There is 'tcrypt' module in crypto/ for quick benchmarking. 'modprobe
tcrypt mode=500 sec=1' tests AES in various cipher-modes, using
different buffer sizes and outputs results to kernel log.
-Jussi
Quoting Jussi Kivilinna <[email protected]>:
> Quoting Matt Sealey <[email protected]>:
>
>> This question is to the implementor/committer (Dave McCullough), how
>> exactly did you measure the benchmark and can we reproduce it on some
>> other ARM box?
>>
>> If it's long and laborious and not so important to test the IPsec
>> tunnel use-case, what would be the simplest possible benchmark to see
>> if the C vs. assembly version is faster for a particular ARM device? I
>> can get hold of pretty much any Cortex-A8 or Cortex-A9 that matters, I
>> have access to a Chromebook for A15, and maybe an i.MX27 or i.MX35 and
>> a couple Marvell boards (ARMv6) if I set my mind to it... that much
>> testing implies we find a pretty concise benchmark though with a
>> fairly common kernel version we can spread around (i.MX, OMAP and the
>> Chromebook, I can handle, the rest I'm a little wary of bothering to
>> spend too much time on).
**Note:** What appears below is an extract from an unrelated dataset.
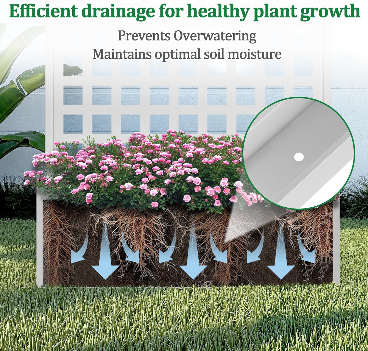 - Optimal Water Management: The planter with trellis features a deep planting bed, offering generous space for healthy root development. The raised garden bed also comes with built-in drainage holes that efficiently prevent water accumulation, helping your plants maintain proper moisture levels for optimal growth.
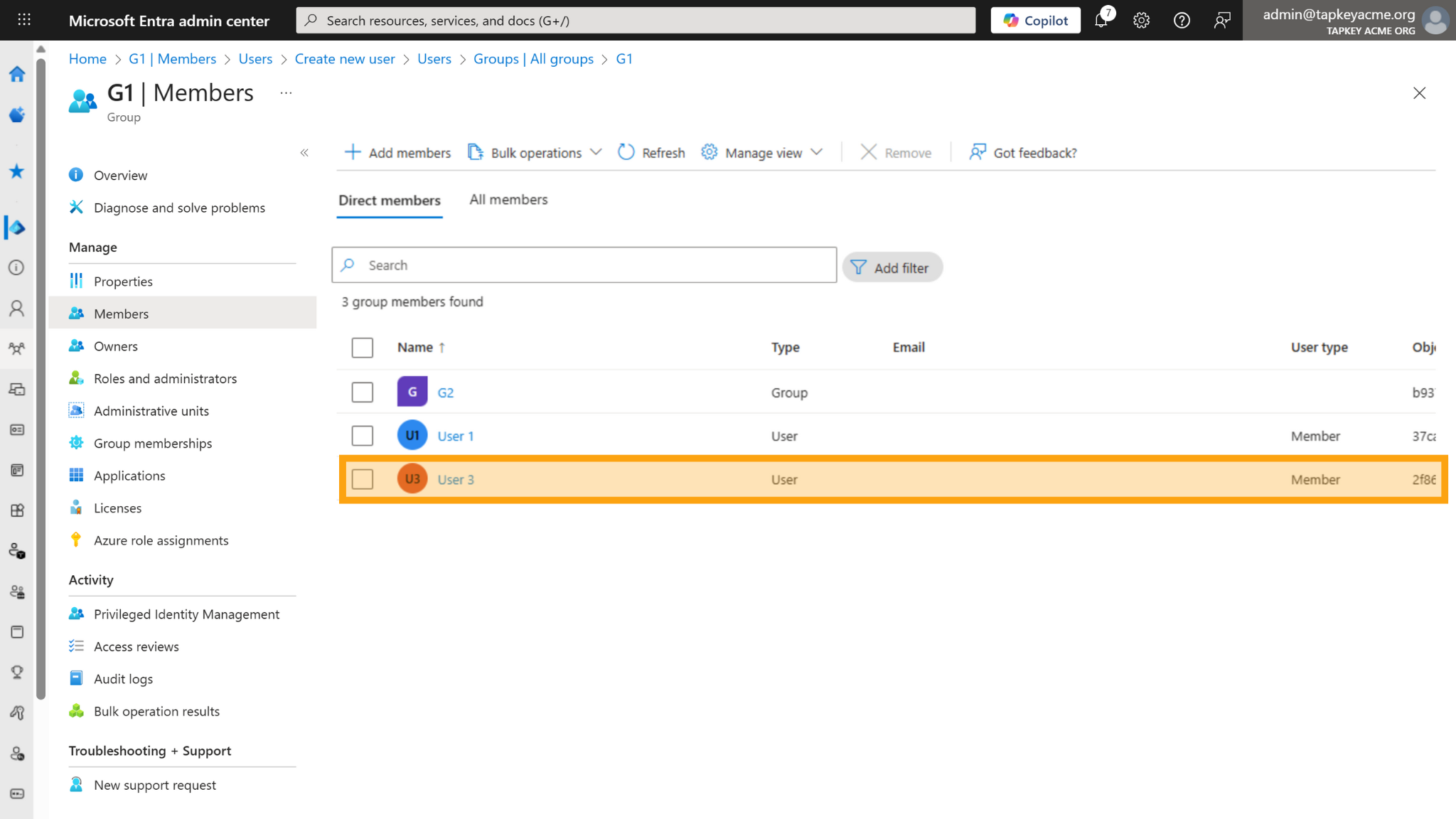 Adding User 3 into G1 will create the same user in G1 automatically:

I think that could cover a good swath of
>> not-ARMv5 use cases from lower speeds to quad core monsters.. but I
>> might stick to i.MX to start with..
>
> There is 'tcrypt' module in crypto/ for quick benchmarking.
> 'modprobe tcrypt mode=500 sec=1' tests AES in various cipher-modes,
> using different buffer sizes and outputs results to kernel log.
>
Actually mode=200 might be better, as mode=500 is for asynchronous
implementations and might use hardware crypto if such device/module is
available.
-Jussi
On Tue, Jan 22, 2013 at 1:50 AM, Jussi Kivilinna
<[email protected]> wrote:
>
>> There is 'tcrypt' module in crypto/ for quick benchmarking. 'modprobe
>> tcrypt mode=500 sec=1' tests AES in various cipher-modes, using different
>> buffer sizes and outputs results to kernel log.
>>
>
> Actually mode=200 might be better, as mode=500 is for asynchronous
> implementations and might use hardware crypto if such device/module is
> available.
Okeydokey I'll start running some tests..
--
Matt Sealey <[email protected]>
Product Development Analyst, Genesi USA, Inc.